Crise des opioïdes

Purdue Pharma se déclare en faillite pour solder les litiges

Le groupe pharmaceutique américain Purdue Pharma, devenu l’ennemi numéro un dans la crise des opioïdes aux États-Unis, s’est déclaré en faillite et a proposé de se réorganiser en un trust dont ses propriétaires, la famille Sackler, seraient écartés, espérant ainsi solder l’avalanche de litiges dont il fait l’objet.
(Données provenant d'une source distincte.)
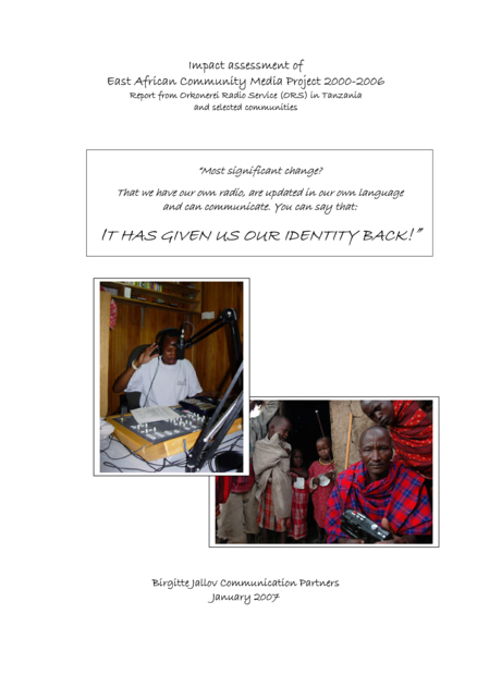 Impact Assessment of East African Community Media Project 2000-2006: Report from Orkonerei Radio Service (ORS) in Tanzania and Selected Communities

Le plan déposé par Purdue auprès du tribunal fédéral des faillites de New York prévoit de transformer la société, fabricant de l’OxyContin – un des grands médicaments antidouleur de la famille des opioïdes – « en un trust ou une autre entité », dont l’activité et les revenus serviraient à lutter contre la crise des opioïdes et à dédommager ses victimes.

Il prévoit que la riche famille Sackler, propriétaire de Purdue, en abandonne tout contrôle, et donne « au moins 3 milliards » de dollars de ses propres fonds aux victimes.

Selon les documents enregistrés au tribunal, le montage permettrait de dégager quelque 10 milliards pour gérer cette crise, qui a fait plus de 200 000 morts par surdose aux États-Unis en près de 20 ans.

Ce montage correspond à ce que Purdue Pharma a proposé ces derniers jours dans le cadre d’un projet d’accord visant à mettre fin à quelque 2300 plaintes contre lui, émanant de la quasi-totalité des États américains et d’innombrables collectivités locales.

États récalcitrants

Or, si les procureurs généraux de 24 États américains se sont dits prêts à accepter ce montage, de nombreux autres l’ont rejeté, comme les puissants États de New York, du Massachusetts, du Connecticut (où se trouve le siège de Purdue) et de la Californie.

Ils estiment les 3 milliards proposés par les Sackler – seule somme tangible dans le projet d’accord, les 7 autres milliards reposant sur des projections de revenus futurs – très insuffisants.

L’État de New York, en particulier, accuse les Sackler, connus pour leur soutien financier aux grands musées du monde, de dissimuler l’étendue de leur fortune, évaluée à 13 milliards par le magazine Forbes, et d’avoir notamment transféré au moins 1 milliard en Suisse.

« Personne ne sera surpris que la déclaration de faillite de Purdue survienne 48 heures après que nous avons exposé ces transferts de 1 milliard de dollars. »

—  Letitia James, procureure générale de l’État de New York

« Mon bureau ne se laissera pas dissuader de poursuivre la famille Sackler », a-t-elle ajouté.

En déposant ce montage devant le tribunal des faillites, Purdue semble vouloir forcer la main à ces États récalcitrants.

La société espère que « les parties qui ne soutiennent pas le projet d’accord actuellement […] continueront à négocier de façon productive et finiront par reconnaître sa valeur », écrivent ainsi ses avocats dans les documents déposés au tribunal.

2 millions par semaine

« Nous sommes à un carrefour », a plaidé hier le président de Purdue, Steve Miller, sur la chaîne CNBC. « La seule autre option [en dehors du montage proposé] est de dépenser toutes nos ressources en batailles judiciaires, au lieu de les donner à ceux qui ont souffert » de la crise des opioïdes.

Purdue dépenserait actuellement quelque 2 millions par semaine en frais d’avocats, selon les documents déposés au tribunal des faillites.

Selon Carl Tobias, professeur de droit à l’Université de Richmond, en Virginie, en déposant ce montage en vertu du « chapitre 11 » de la loi sur les faillites américaine, Purdue « soulève plus de questions qu’il n’en résout ».

Vu le rejet du montage par plusieurs États, il n’y a notamment « aucune garantie » que cet enregistrement auprès du tribunal des faillites mettra fin aux attaques en justice contre Purdue, avance-t-il.

Purdue fait partie de 17 sociétés pharmaceutiques – des laboratoires, mais aussi des distributeurs et de grands réseaux de pharmacies comme Walgreens et CVS – attaquées dans un dossier judiciaire tentaculaire, qui doit déboucher fin octobre sur le premier procès fédéral des opioïdes dans l’Ohio.

Purdue est accusé d’avoir été le premier laboratoire à pousser le corps médical à surprescrire l’OxyContin, aux effets addictifs notoires, à partir des années 90, alors que ces puissants médicaments étaient jusque-là réservés au traitement des maladies graves.